%%

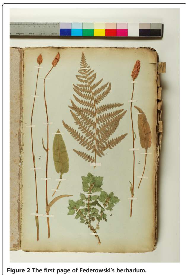
Figure 2 The first page of Federowski's herbarium.
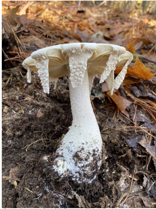
Amanita sect Lepidella smelling of gym socks
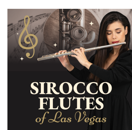
Sunday, November 26 2 p.m. Windmill Library

Seating in our venues is on a first-come, first-served basis and may be limited. Please visit our website for the most updated program information.
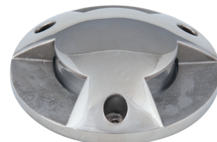
C3 - COVER FLOORING INOX 10 - TRIPLE-EMISSION
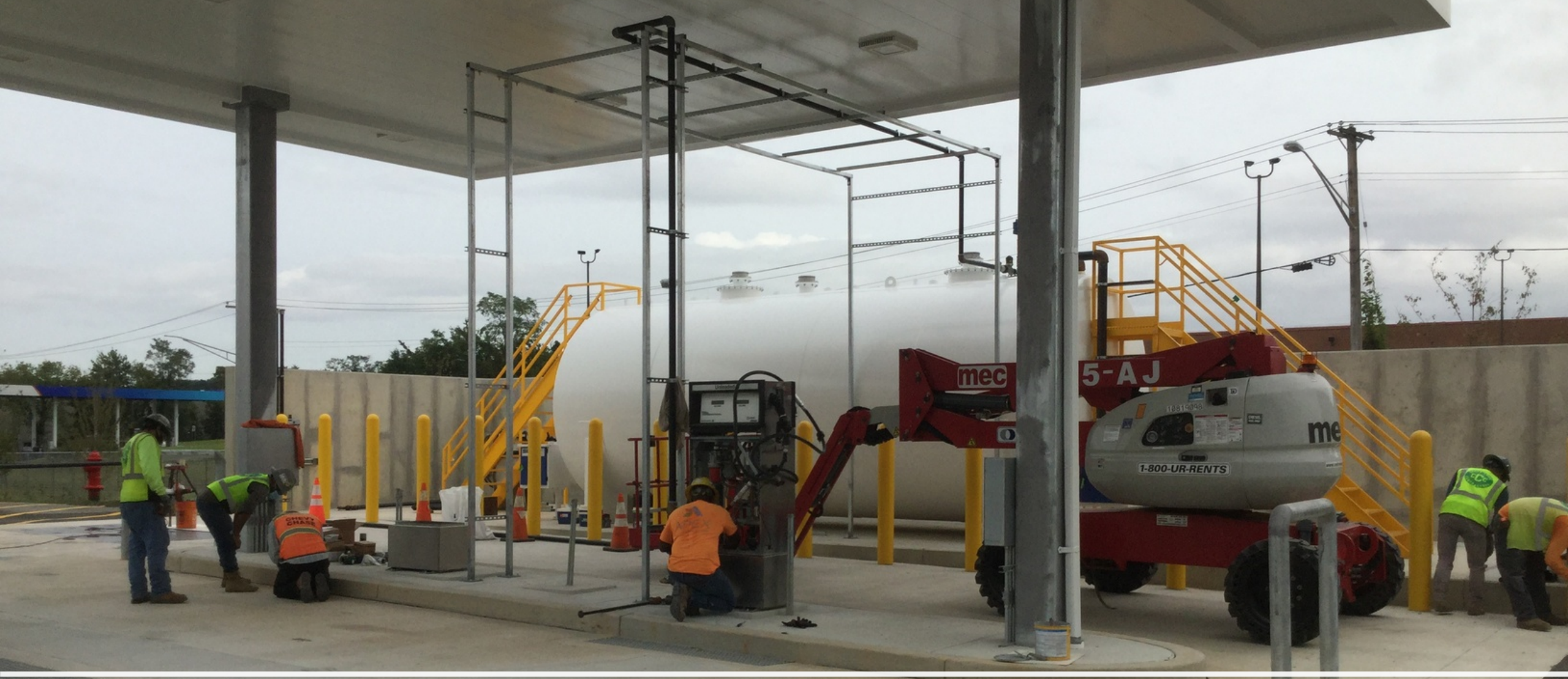
Fuel Tank and Dispenser Installation – Polk Street Week Ending 09-18-20
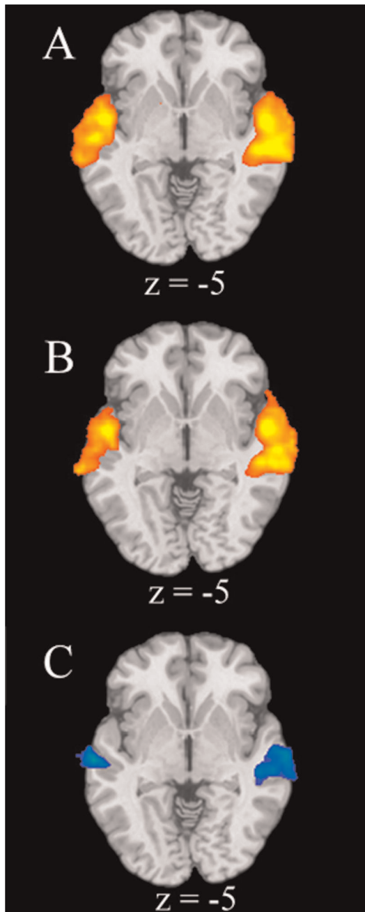
Figure 1. Regional Brain Activations during the Perception of Infant Cries. Axial slices of regional brain activations for a) low-distress cries versus pink noise, b) high-distress cries versus pink noise, c) and high-distress cries versus low-distress cries. Color on T1 template images from SPM5 indicates significant increases (red color) and decreases (blue color) in BOLD signal. The right side of the brain is on the right. The number under each brain image indicates z-axis coordinates of the image in the MNI (Montreal Neurological Institute) template space. The only voxels displayed on the brain images are regions with corrected p < .05 threshold at an uncorrected voxel-level threshold of p < .01 at each tail and a cluster of 45. doi:10.1371/journal.pone.0036270.g001

face contrasts correlated with self-reported measures of behavioral inhibition and activation suggesting that neural responses to infant stimuli vary as a function of motivational approach and avoidance tendencies.
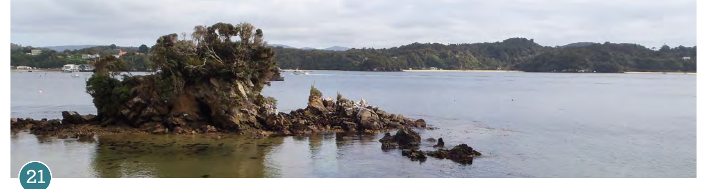
Halfmoon Bay.
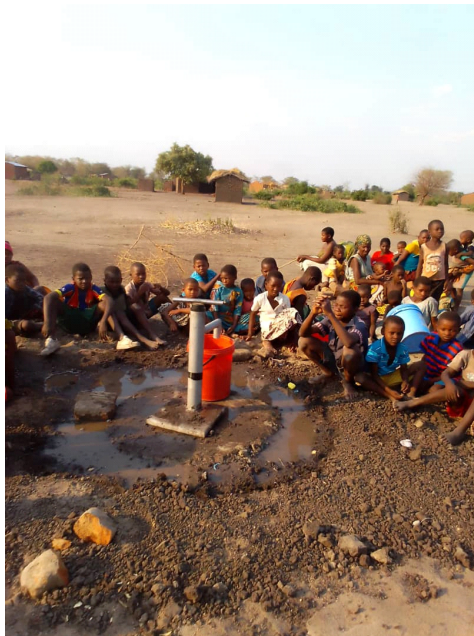
Experimenting with a new locally manufactured pump in the Anglican Project
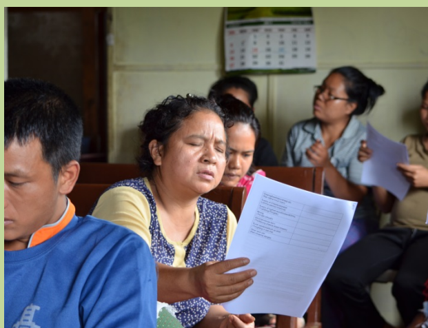
Local community in consultation meeting and busy in reviewing the questionnaire
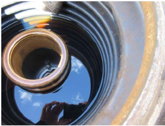
Excess standing liquid
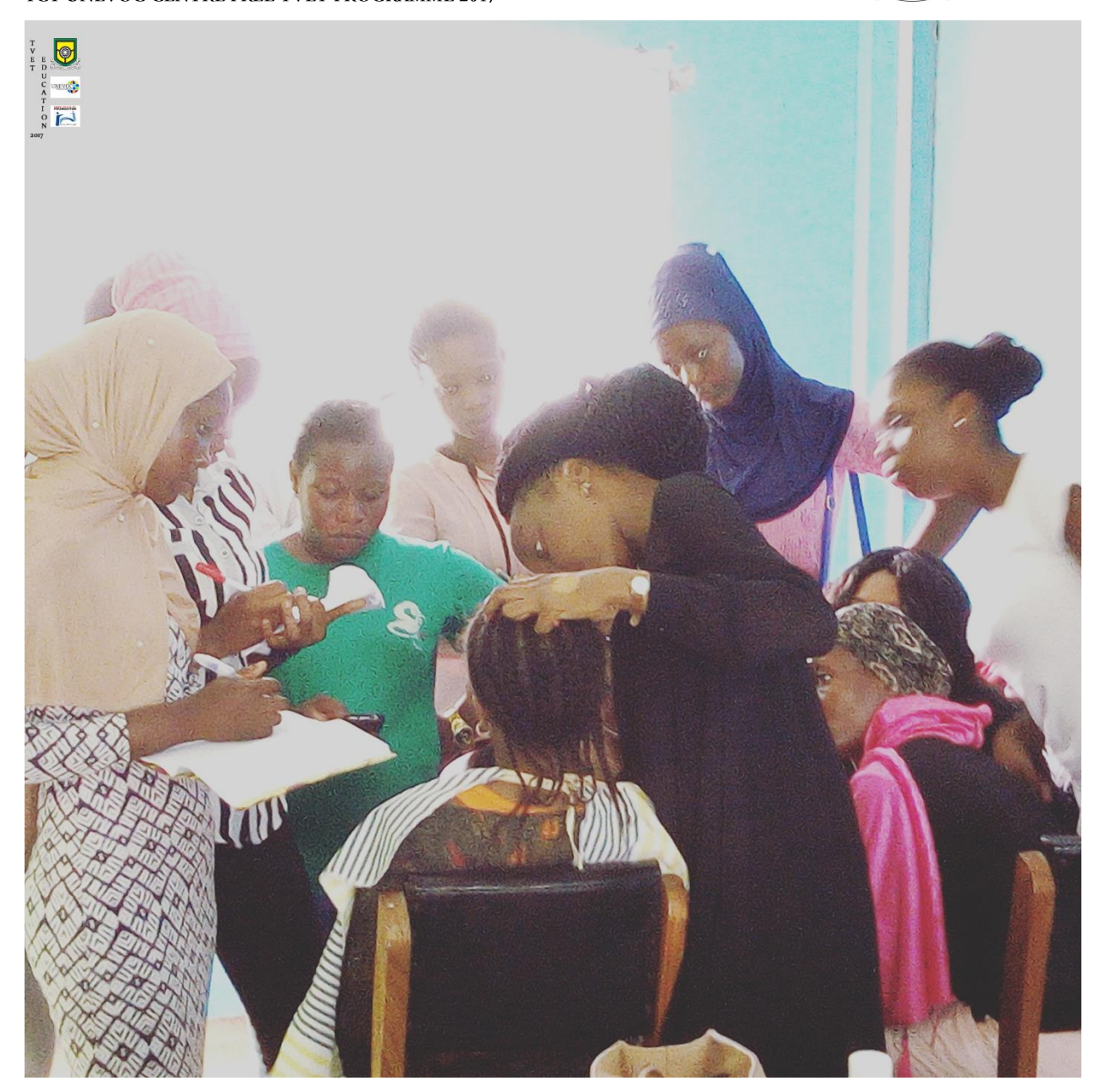
Pix – Make-up Artist students' session
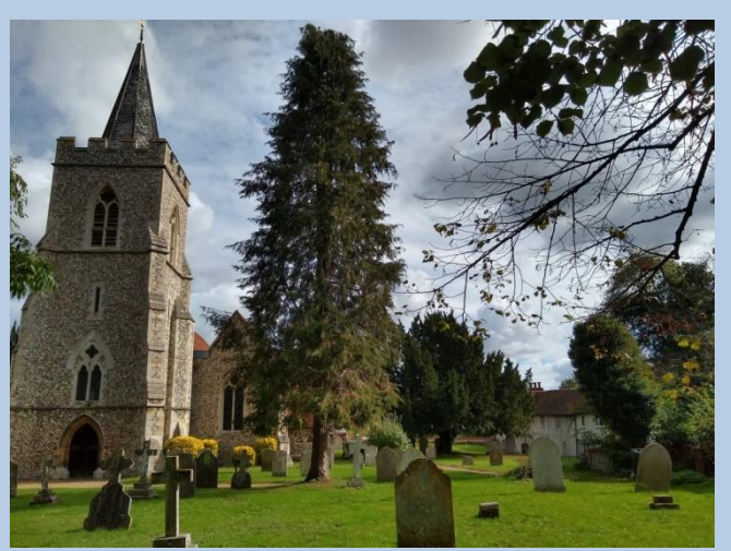
St Mary the Virgin, Manuden
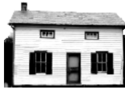
12 Hill House Built here c. 1850s

Old Mine Road (paved/auto traffic) south to Watergate, Depew, & Interstate 80
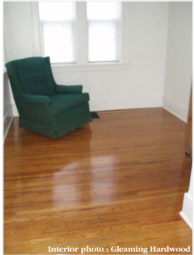
Interior photo : Gleaming Hardwood
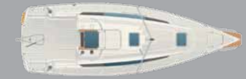
Decklayout with steering wheel
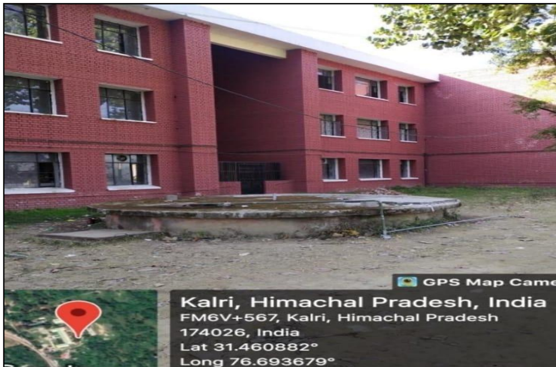
Rain Water Harvesting Tank

Rain water harvesting is the most economical and best way to use rain water. Our College has rain water harvesting system. Rain water is collected from the roof through collection pipes which are routed to rain water harvesting Tank. The harvested rain water is used for the plants of College garden and potted plants. During water scarcity this water is also used in toilets.
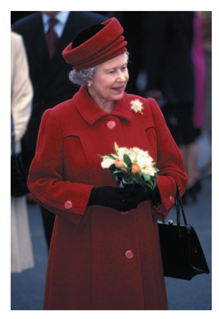
Plate 6.6 How accessible is your attitude towards Queen Elizabeth II?
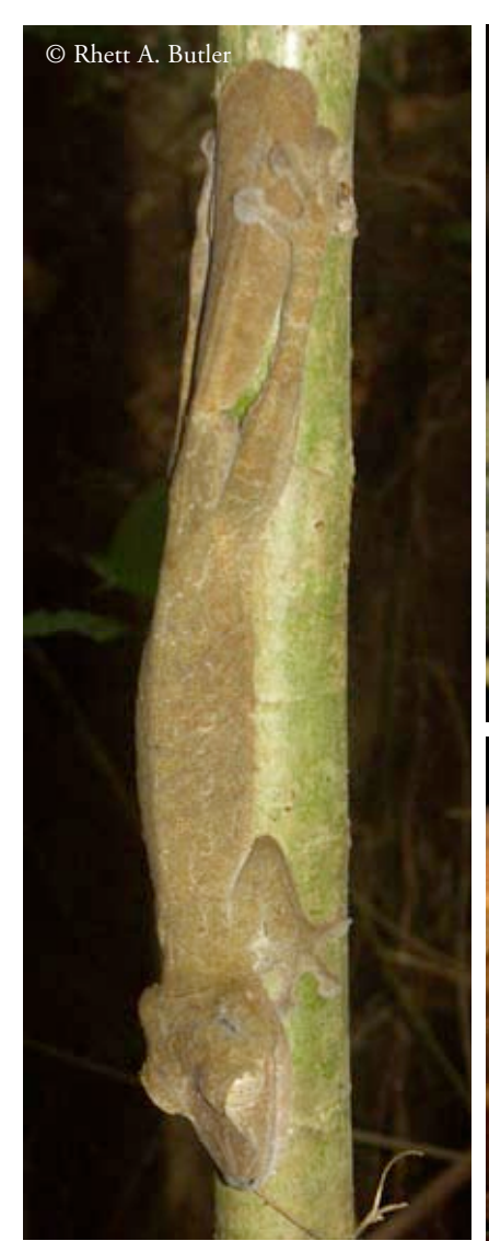
Leaf-tailed geckos Uroplatus fimbriatus (above)
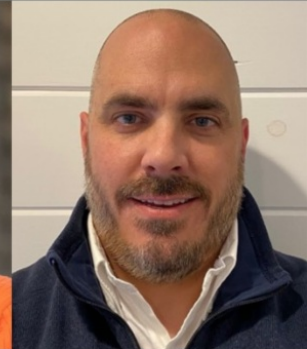
Project Manager, City of Salem

OEDA's Professional Development Committee is calling on YOU our dedicated OEDA Members and Partners, to help develop and grow the OCED Training Program for future generations.
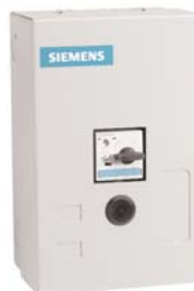
Class 11 NEMA 1
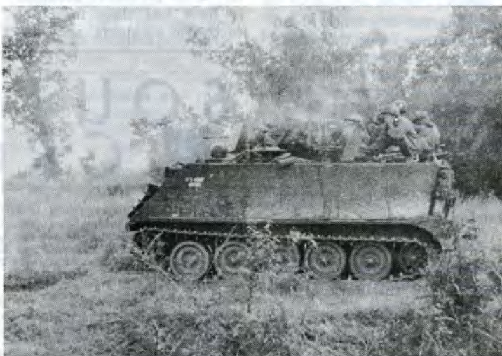
ACAV FROM 1ST SQDN., 1ST CAV. BLASTS AWAY at VC/NVA force that tried to launch an offensive toward Tam Ky. The "Dragoons" annihilated the enemy push.

A few minutes later, the (Continued on Page 3)
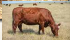
HRR MONA DIVA 797, DAM
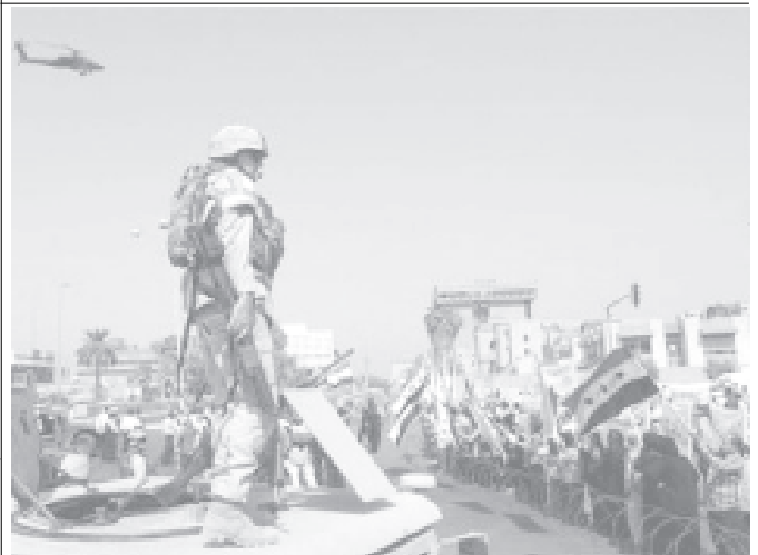
A US soldier keeps watch as Iraqi citizens shout slogans against the rising insurgency in Iraq, during a demonstration in Baghdad on 6 Sept, 2004.
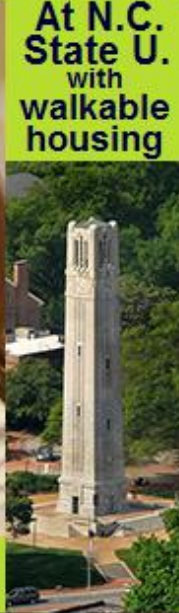
At N.C. State U. with walkable housing
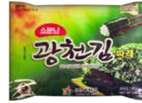
40016 SEASONED SEAWEED CUT: PARAE (6+3) 10*(9*5GR)
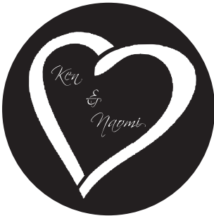
J5. Scriptina Pro
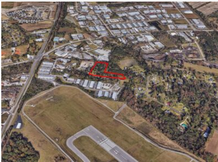
Google Earth Aerial- Parcels Outlined
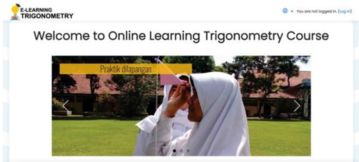
Figure-3. The e-learning homepage.

The website in Figure 2 appears when the e-learning users open the website. They are then requested to log in. The home page of the website can be seen in Figure 3:
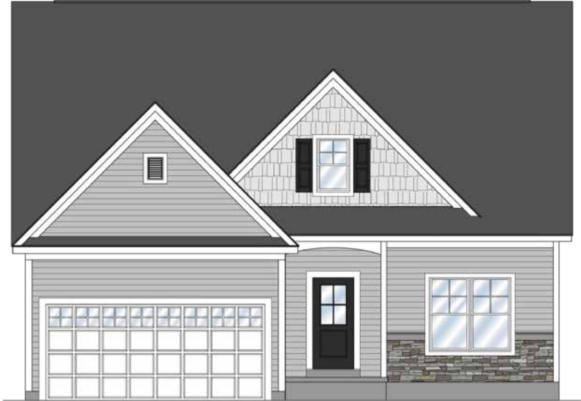
TOWN & COUNTRY elevation shown with included cultured stone.
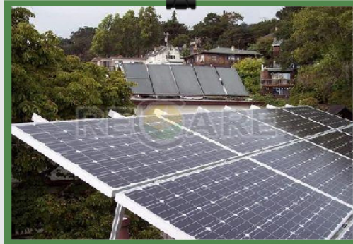
Adani Off Grid Mounting Structure Solar Power Plant

Business Type Brand Name Material Shape Condition Application Pattern Type
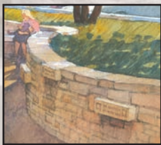
Enhanced Limestone 25 remaining $3,500
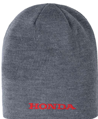
CORPO REVERSIBLE 243-0506042-03
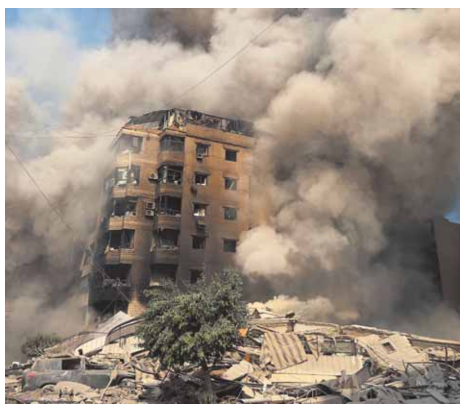
Smoke rises as a building collapses in Beirut's southern suburbs on Saturday.

A prominent general in Iran's paramilitary Revolutionary Guard died in an Israeli airstrike that killed Hezbollah leader Hassan Nasrallah in Beirut, Iranian media reported Saturday. The killing of Gen. Abbas Nilforushan marks the latest casualty suffered by Iran as the nearly yearlong Israel-Hamas war in the Gaza Strip teeters on the edge of becoming a regional conflict.
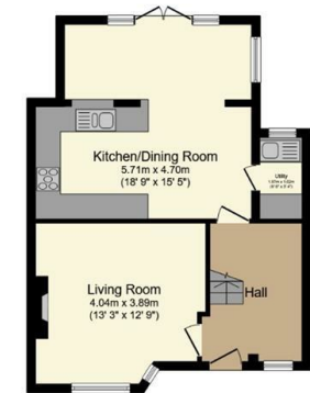
Ground Floor Floor area 49.1 sq.m. (529 sq.ft.)
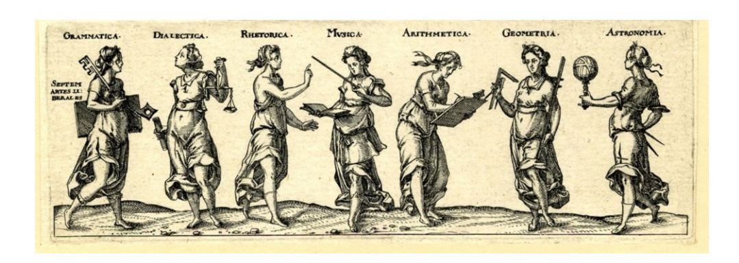
Figure 2: Septem Artes

However, what at the time was considered to constitute the 'canonical arts' underwent changes in the centuries that followed. New arts fields emerged such as music, for example, which joined other art forms to constitute the performing arts . According to Wikipedia the performing arts are commonly understood as: "forms of art in which artists use their voices, bodies or inanimate objects to convey artistic expression ...".9
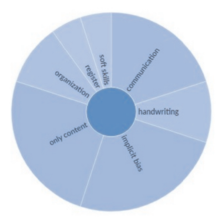
Figure 3. References to Language Assessment in Focus Groups 1 and 2.

I don't assess the English at all, let's say explicitly [...] And there are many times that implicitly you are assessing the English, because they are not expressing pretty well. So, whatever they are writing, it's pretty difficult to understand. (Participant 2, Focus group 2)
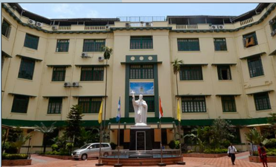
St. Xavier's College (Autonomous), Kolkata

Universities and Colleges by their origin, nature and mandate are communities of masters and scholars of diverse cultures, pursuing a variety of disciplines of thought, but all seeking relentlessly to decipher the secrets of creation, both empirical and meta-empirical, and placing them at the service of human flourishing. Universities represent the world community. These are the ideal nurseries to form global citizens that the world needs today than ever before.
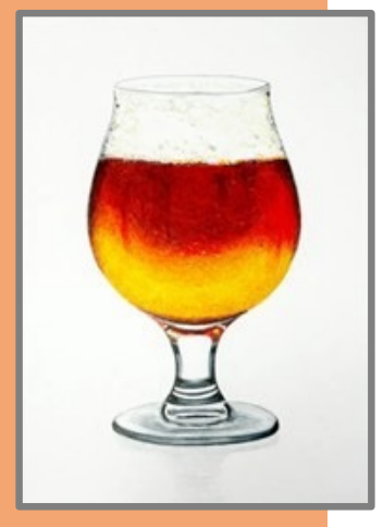
"Cheers" Colored Pencil

%%

__Problem details__
The entries are to be restated word for word, and no picture should appear in the copy.

__Completed exercise__
Figure 2 The first page of Federowski's herbarium.
Amanita sect Lepidella smelling of gym socks
Sunday, November 26 2 p.m. Windmill Library

Seating in our venues is on a first-come, first-served basis and may be limited. Please visit our website for the most updated program information.
C3 - COVER FLOORING INOX 10 - TRIPLE-EMISSION
Fuel Tank and Dispenser Installation – Polk Street Week Ending 09-18-20
Figure 1. Regional Brain Activations during the Perception of Infant Cries. Axial slices of regional brain activations for a) low-distress cries versus pink noise, b) high-distress cries versus pink noise, c) and high-distress cries versus low-distress cries. Color on T1 template images from SPM5 indicates significant increases (red color) and decreases (blue color) in BOLD signal. The right side of the brain is on the right. The number under each brain image indicates z-axis coordinates of the image in the MNI (Montreal Neurological Institute) template space. The only voxels displayed on the brain images are regions with corrected p < .05 threshold at an uncorrected voxel-level threshold of p < .01 at each tail and a cluster of 45. doi:10.1371/journal.pone.0036270.g001

face contrasts correlated with self-reported measures of behavioral inhibition and activation suggesting that neural responses to infant stimuli vary as a function of motivational approach and avoidance tendencies.
Halfmoon Bay.
Experimenting with a new locally manufactured pump in the Anglican Project
Local community in consultation meeting and busy in reviewing the questionnaire
Excess standing liquid
Pix – Make-up Artist students' session
St Mary the Virgin, Manuden
12 Hill House Built here c. 1850s

Old Mine Road (paved/auto traffic) south to Watergate, Depew, & Interstate 80
Interior photo : Gleaming Hardwood
Decklayout with steering wheel
Rain Water Harvesting Tank

Rain water harvesting is the most economical and best way to use rain water. Our College has rain water harvesting system. Rain water is collected from the roof through collection pipes which are routed to rain water harvesting Tank. The harvested rain water is used for the plants of College garden and potted plants. During water scarcity this water is also used in toilets.
Plate 6.6 How accessible is your attitude towards Queen Elizabeth II?
Leaf-tailed geckos Uroplatus fimbriatus (above)
Project Manager, City of Salem

OEDA's Professional Development Committee is calling on YOU our dedicated OEDA Members and Partners, to help develop and grow the OCED Training Program for future generations.
Class 11 NEMA 1
ACAV FROM 1ST SQDN., 1ST CAV. BLASTS AWAY at VC/NVA force that tried to launch an offensive toward Tam Ky. The "Dragoons" annihilated the enemy push.

A few minutes later, the (Continued on Page 3)
HRR MONA DIVA 797, DAM
A US soldier keeps watch as Iraqi citizens shout slogans against the rising insurgency in Iraq, during a demonstration in Baghdad on 6 Sept, 2004.
At N.C. State U. with walkable housing
40016 SEASONED SEAWEED CUT: PARAE (6+3) 10*(9*5GR)
J5. Scriptina Pro
Google Earth Aerial- Parcels Outlined
Figure-3. The e-learning homepage.

The website in Figure 2 appears when the e-learning users open the website. They are then requested to log in. The home page of the website can be seen in Figure 3:
TOWN & COUNTRY elevation shown with included cultured stone.
Adani Off Grid Mounting Structure Solar Power Plant

Business Type Brand Name Material Shape Condition Application Pattern Type
Enhanced Limestone 25 remaining $3,500
CORPO REVERSIBLE 243-0506042-03
Smoke rises as a building collapses in Beirut's southern suburbs on Saturday.

A prominent general in Iran's paramilitary Revolutionary Guard died in an Israeli airstrike that killed Hezbollah leader Hassan Nasrallah in Beirut, Iranian media reported Saturday. The killing of Gen. Abbas Nilforushan marks the latest casualty suffered by Iran as the nearly yearlong Israel-Hamas war in the Gaza Strip teeters on the edge of becoming a regional conflict.
Ground Floor Floor area 49.1 sq.m. (529 sq.ft.)
Figure 2: Septem Artes

However, what at the time was considered to constitute the 'canonical arts' underwent changes in the centuries that followed. New arts fields emerged such as music, for example, which joined other art forms to constitute the performing arts . According to Wikipedia the performing arts are commonly understood as: "forms of art in which artists use their voices, bodies or inanimate objects to convey artistic expression ...".9
Figure 3. References to Language Assessment in Focus Groups 1 and 2.

I don't assess the English at all, let's say explicitly [...] And there are many times that implicitly you are assessing the English, because they are not expressing pretty well. So, whatever they are writing, it's pretty difficult to understand. (Participant 2, Focus group 2)
St. Xavier's College (Autonomous), Kolkata

Universities and Colleges by their origin, nature and mandate are communities of masters and scholars of diverse cultures, pursuing a variety of disciplines of thought, but all seeking relentlessly to decipher the secrets of creation, both empirical and meta-empirical, and placing them at the service of human flourishing. Universities represent the world community. These are the ideal nurseries to form global citizens that the world needs today than ever before.
"Cheers" Colored Pencil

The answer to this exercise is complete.